Cyclodextrin-based polymer was crosslinked onto multifilament polyester mesh and loaded with vancomycin (1.75 mg/cm). Pigs received modified meshes (n = 6) or normal, untreated meshes (n = 4), which were implanted into acute 10 × 5 cm ventral hernia, then directly inoculated with 10 colony-forming unit (CFU) of methicillin-resistant Staphylococcus aureus (MRSA). These were compared to animals receiving normal, uninfected mesh. All mesh was secured in an underlay bridge manner, and after 30 d, the abdominal wall was removed for quantitative bacterial culture and biomechanical analysis.
All animals survived 30 d. All six animals with coated mesh cleared MRSA infection. The four control animals did not clear MRSA (P = 0.005). Quantitative bacterial load was higher in standard mesh versus drug-delivery mesh group (2.34 × 10versus 80.9 CFU/gm). These data were log-transformed and analyzed by Welch's t-test (P = 0.001). Minimum number of CFUs detectable by assay (300) was used instead of zero. Biomechanical analysis of controls (1.82 N/mm infected; 1.71 N/mm uninfected) showed no difference to the modified meshes (1.31 N/mm) in tissue integration (P = 0.15).

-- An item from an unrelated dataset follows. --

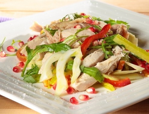 ROMA – Pollo lesso, peperoni, lattuga, finocchio e pochi altri ingredienti per avere un’insalata di pollo gustosa e originale. Una salsa base di senape per condire le verdure e dei chicchi di melograno la rendono davvero sfiziosa.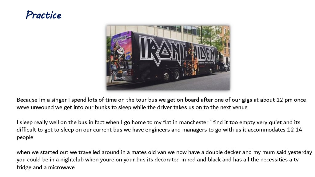 PracticeBecause Im a singer I spend lots of time on the tour bus we get on board after one of our gigs at about 12 pm once

We successfully prevented synthetic mesh infection in a pig model using a cyclodextrin-based polymer to locally deliver vancomycin to the hernia repair site and clearing antibiotic-resistant bacteria. Polymer coating did not impact the strength of the hernia repair.
鉴于对疝修补网片感染的担忧,外科医生通常使用生物网片,其可能降低感染风险,但代价是修复耐久性降低。我们评估了网片涂层,以实现抗生素的持续释放,预防人工网片感染,同时实现持久的修复。

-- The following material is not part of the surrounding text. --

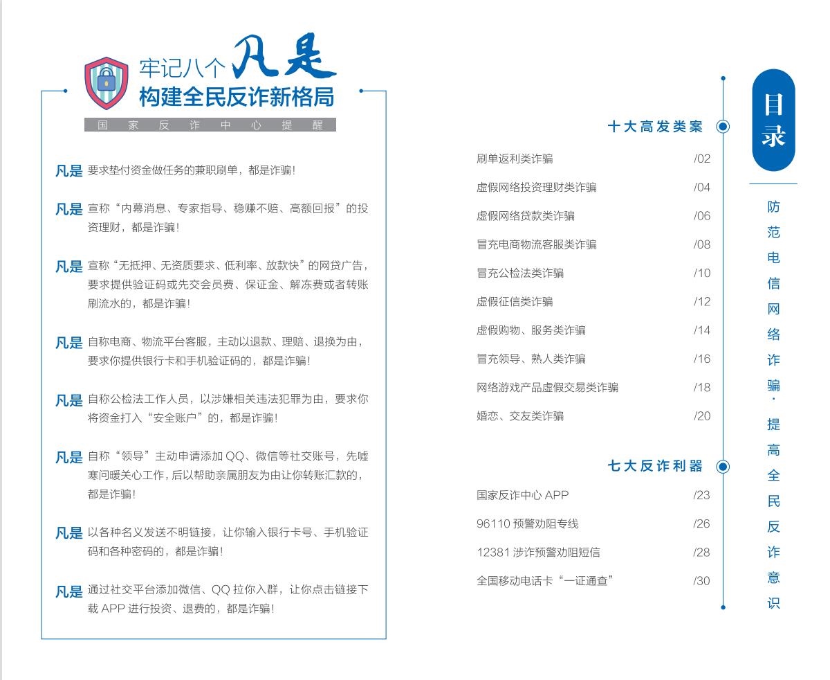 人民網(wǎng)北京6月16日電 (記者郝萍、梁秋坪)按照中央宣傳部、公安部聯(lián)合部署開(kāi)展的“全民反詐在行動(dòng)”集中宣傳月活動(dòng)有關(guān)要求,國(guó)家反詐中心編寫制作并最新推出《2023版防范電信網(wǎng)絡(luò)詐騙宣傳手冊(cè)》(以下簡(jiǎn)稱《手冊(cè)》),詳細(xì)梳理10類高發(fā)電信網(wǎng)絡(luò)詐騙案件特點(diǎn)和詐騙手法,深入介紹7大反詐利器的主要功能和使用方法,進(jìn)一步擴(kuò)大反詐宣傳覆蓋面,提升廣大群眾識(shí)騙防騙意識(shí)和能力。

基于环糊精的聚合物交联到复丝聚酯网片上,并负载万古霉素(1.75毫克/平方厘米)。猪接受改良网片(n = 6)或正常、未处理的网片(n = 4),将其植入10×5厘米的急性腹侧疝中,然后直接接种10个耐甲氧西林金黄色葡萄球菌(MRSA)菌落形成单位(CFU)。将这些与接受正常、未感染网片的动物进行比较。所有网片均以底层桥接方式固定,30天后,取出腹壁进行定量细菌培养和生物力学分析。
所有动物均存活30天。所有六只使用涂层网片的动物清除了MRSA感染。四只对照动物未清除MRSA(P = 0.005)。标准网片组的定量细菌载量高于药物递送网片组(2.34×10对80.9 CFU/克)。这些数据进行对数转换后,通过韦尔奇t检验进行分析(P = 0.001)。测定可检测到的CFU最小数量(300)代替零。对照组的生物力学分析(感染组为1.82 N/mm;未感染组为1.71 N/mm)显示,与改良网片(1.31 N/mm)在组织整合方面无差异(P = 0.15)。
我们在猪模型中成功预防了合成网片感染,方法是使用基于环糊精的聚合物将万古霉素局部递送至疝修补部位,并清除耐抗生素细菌。聚合物涂层未影响疝修补的强度。